Gay cowboys. At the time you couldn’t think of stronger antithesis of words, and since then the idea has been unfairly ridiculed and badly parodied. It’s also proven to surpass its one-off romantic gimmick and become a perennial symbol of letting go of old values and defining new ones.

The Proposition (2006)

The Proposition is the only non-American entry on the list, but it’s a western nevertheless. It makes turn-of-the-century Australia into an oversized prison, where those making the laws and those breaking them are equally heinous but also reminds us that objective human morals exist on both sides.

The Assassination of Jesse James by the Coward Robert Ford (2007)

Demythologizes one of the west’s most patently overly glamorized icons, and puts a human face on its most maligned villain. The film’s emphasis on Bob Ford’s fixation on Jesse James has become a study on how the cinema’s love affair with the old west has become a bad trend in rewriting history.

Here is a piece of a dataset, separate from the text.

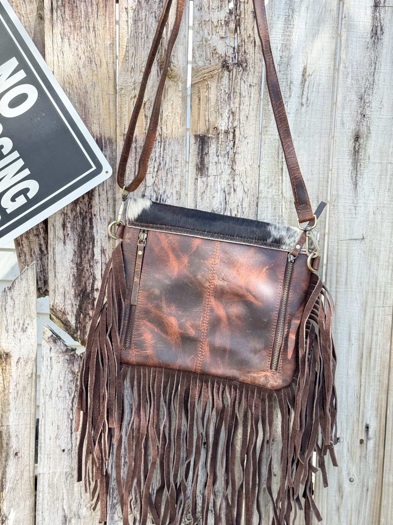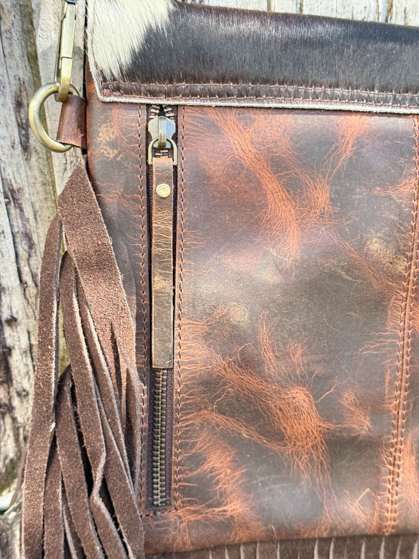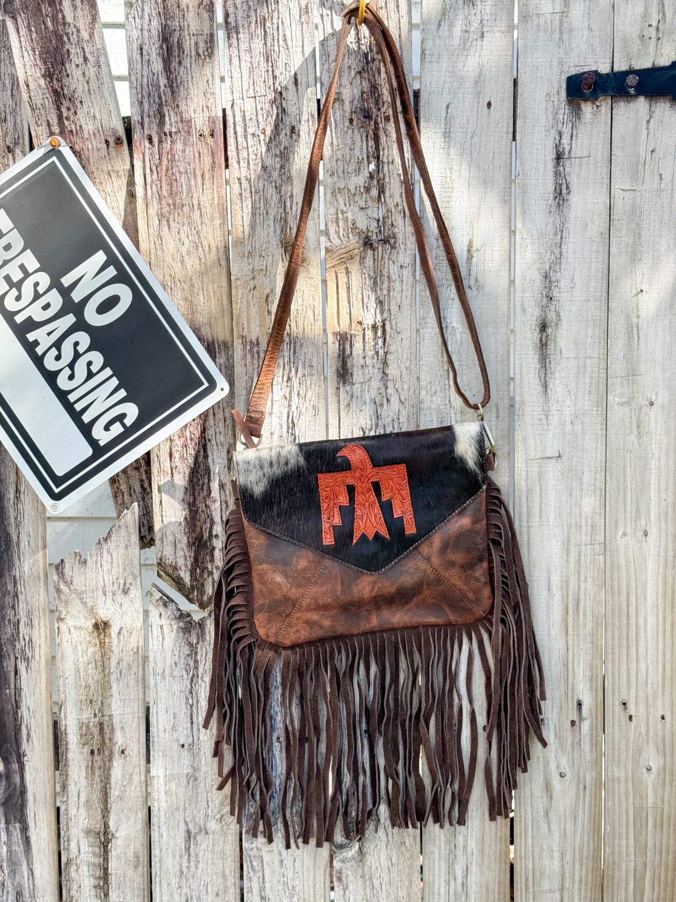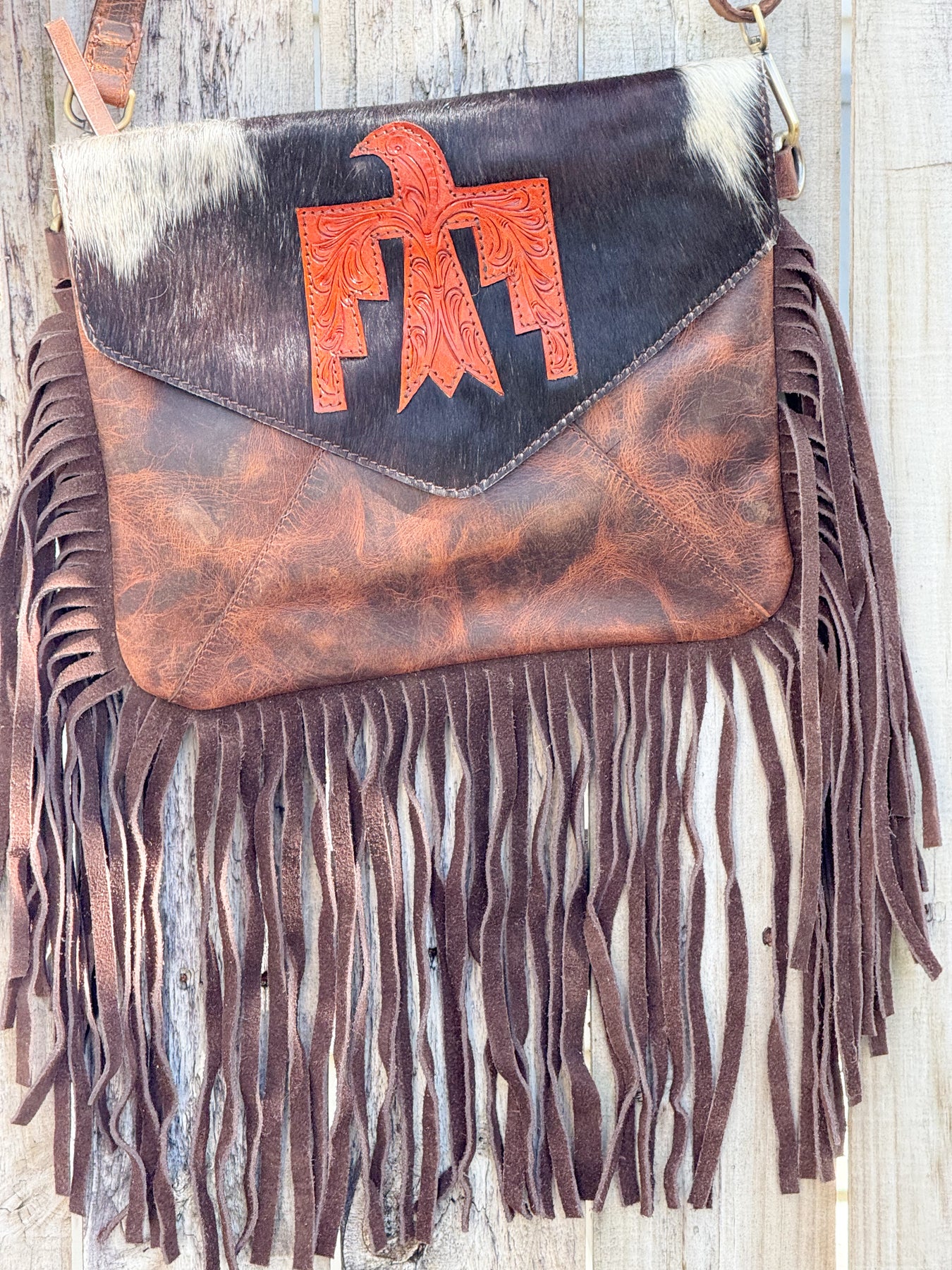 Thunderbird Design, High Quality Leather and Cowhide with  Fringe Crossbody Purse. Concealed Carry External Double Zipper Pockets on Back

No Country for Old Men (2007)

A neo-western on the not-so-old American west, No Country for Old Men makes a point out of its 1980 setting to tell a brutal odyssey through an increasingly (and senselessly) violent landscape becoming less and less familiar to an ageing sheriff.

True Grit (2010)

True Grit plays like a vaudevillian Wild West show, but its deconstruction of revenge and frontier justice make into something of a transitory indictment on the callous gunplay that made undeserving heroes out of borderline sociopaths and egomaniacs.

Meek’s Cutoff (2011)

The Oregon High Desert is one of the American west’s last frontiers. Meek’s Cutoff sees the desperation of its settlers—lost on this unforgiving landscape—as a level playing field in gender politics. Kelly Reichardt’s feminist revision seeks to unshackle the women of the old west.

The Hateful Eight (2015)

The brunt of The Hateful Eight’s nearly three-hour run-time takes place in a single haberdashery. The distrust, race-fuelled tension and eccentric characters make the shack into a deeply American metaphor about our tendency to reduce important problems into reactionary bloodshed.